Flexural performance test (ASTM C1609)

3 Experimental results

3.1 Temperature pattern and cross-section examination

The temperature patterns for each type of specimen at the top and bottom regions are plotted in Fig. 3. At both locations, regardless of specimen type, the temperature is found to increase with exposure time. The bottom surface which is located nearest to the gas heads exhibited the highest temperature up to about 275–325 °C at an exposure duration of 60 min. The top surface gained a maximum temperature up to about 145–165 °C at an exposure duration of 60 min.
Fig. 3

Temperature versus time along the beam’s thickness

After being subjected to fire, the specimens were cut in half along the crack line to examine the physical changes that occurred to the specimens. Results are shown in Figs. 4, 5 and 6.
Fig. 4

Cross-section of plain concrete specimen after being subjected to fire

Fig. 5

Cross-section of PFRC specimen after being subjected to fire

Fig. 6

Cross-section of SFRC specimen after being subjected to fire

Results for plain concrete specimens show major changes at the heated (bottom) region (Fig. 4). For example, the change in color; as the burning time increases, the grayish cement-like color begins to fade away and is replaced with a burning (brownish/blackish) shade. The burning shade can be seen clearly at the bottom portion close to the fire. Another observation is the increasing porosities or voids at the surface.

In the case of PFRC, beside the change in color, the disappearance (evaporation) of fibers at the heated zone is also observed (Fig. 5). In general, the fibers start to lose their mechanical properties from around 50 °C, and completely melt and begin to disappear around 160 °C. This causes the polypropylene fibers to disappear from the bottom surface first and this “fiber evaporation zone” tends to move up along the height of the beam with increasing exposure time.

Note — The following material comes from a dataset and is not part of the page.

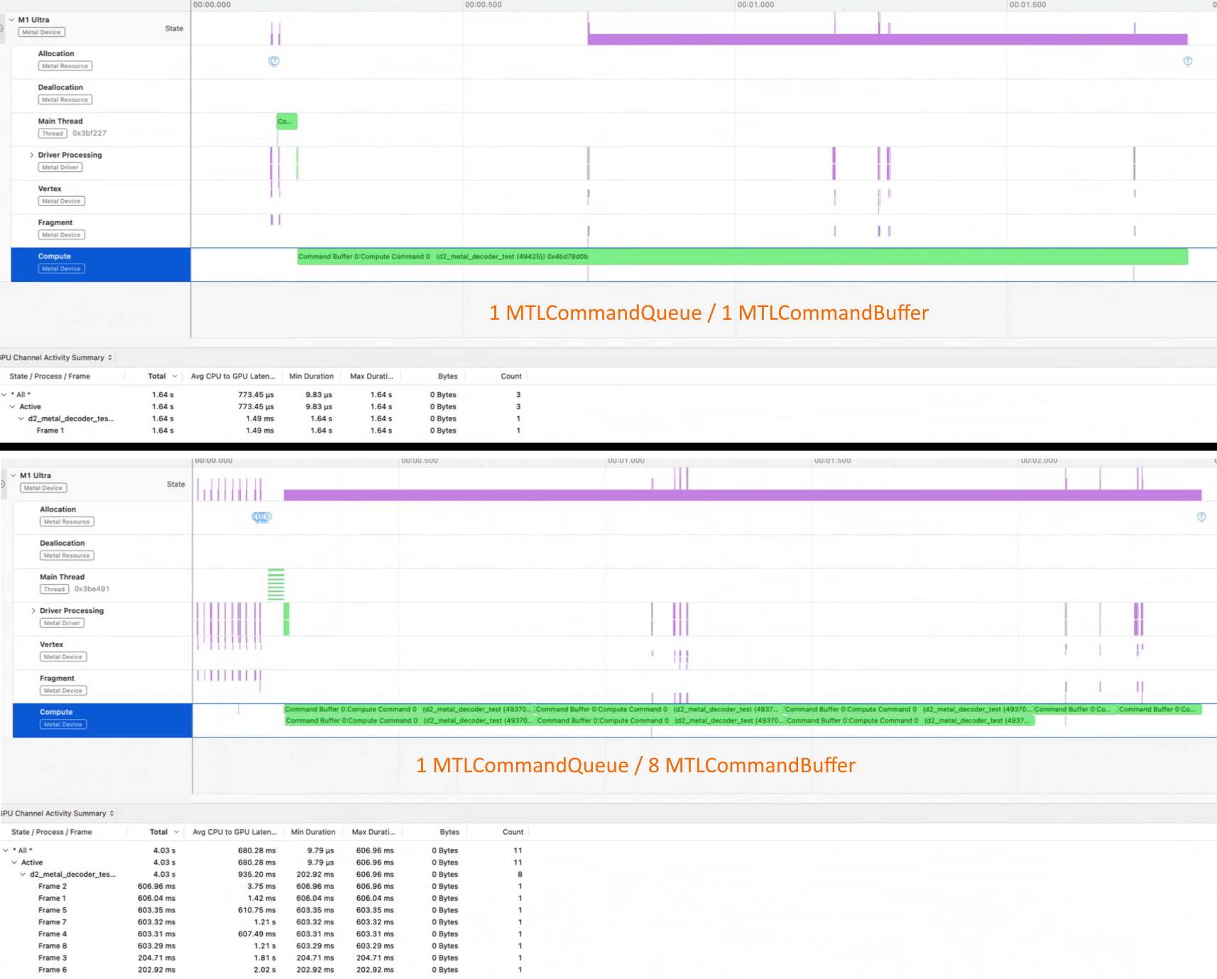 But the performance has not changed and with 1 MTLCommandBuffer in sum is better than when I create 2 or more. Also, as you can see from the figure, it does not matter what kind of parallelism I create, in the profiler it draws only two parallel streams (timeline Compute).
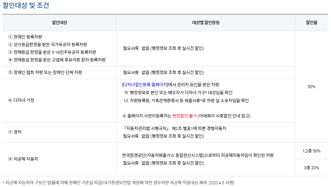 할인 적용 시 필요한 서류를 필히 챙기셔서 적용받으시길 바라며 혹여 서류 미비로 인해 할인 적용을 받지 않은 경우 사후 할인을 받을 수 있으니, 각각의 사유에 해당하는 관련 서류 일체를 출차 후 30일 이내에 사후할인 신청 페이지에서 신청하시면 출차 기록과 대조하여 할인 금액을 환불해 줍니다.

For SFRC, both color change and increasing porosity are observed at the heated zone as shown in Fig. 6. Besides the color change of concrete, the change in color of steel fibers from metallic to a dark charcoal is also observed.

3.2 Flexural response

3.2.1 Plain concrete

The flexural responses of plain concrete beams are illustrated in Fig. 7. The flexural strength of the beam decreases with increasing burning time. Several mechanisms such as the non-uniform expansion caused by the differences in the thermal expansion coefficients of the paste and the aggregate which lead to internal stresses, internal cracking, bond strength degradation between aggregate and paste, stress caused by both external loads and thermal gradients, and the pore pressure due to water vaporization are involved in the strength degradation of concrete. For a specimen subjected to bending load, the bottom surface is a critical zone where tensile stress occurs. By adding damage from fire at the bottom surface (tension zone), this lead to a large drop in the load carrying capacity, as shown in Fig. 7. At a fire exposure duration of 15 min, the strength drops by approximately 54% (from 25 to 11.9 kN) and with an increase of fire exposure duration to 60 min, strength falls by approximately 77% (to about 5.9 kN).
Fig. 7

Flexural responses of plain concrete beams after being subjected to fire

3.2.2 SFRC

The effect of gradient heat affected the flexural response of SFRC in several aspects, e.g., the responses of the 1% SFRC beams (both pre- and post-peak) deteriorate with the increase of burning duration as seen in Fig. 8. The reduction of flexural performance is a combined effect of the degradation of concrete strength (as explained previously) which lowers the bond strength between the fiber and paste and the stress gradient caused by the thermic gradient which leads to internal cracking. Also, similar to the plain concrete, the degradation zone appeared to move upward with increasing exposure time.
Fig. 8

Flexural responses of 1% SFRC beams after being subjected to fire

Another important observation is the degradation of the pre-peak response of SFRC. In general, the flexural response of an FRC beam is divided into two parts: pre-peak and post-peak responses. The pre-peak response is controlled by the performance or the properties of concrete while the post-peak response is dominated by the performance of the fibers. These two responses are divided by a small drop of load right after the first crack as seen in the control beam (Fig. 8). At the beginning of loading, the load increases in direct proportion to the deflection and right after the first cracking, the load usually drops slightly before fibers begin to take over and the load begins to rise again.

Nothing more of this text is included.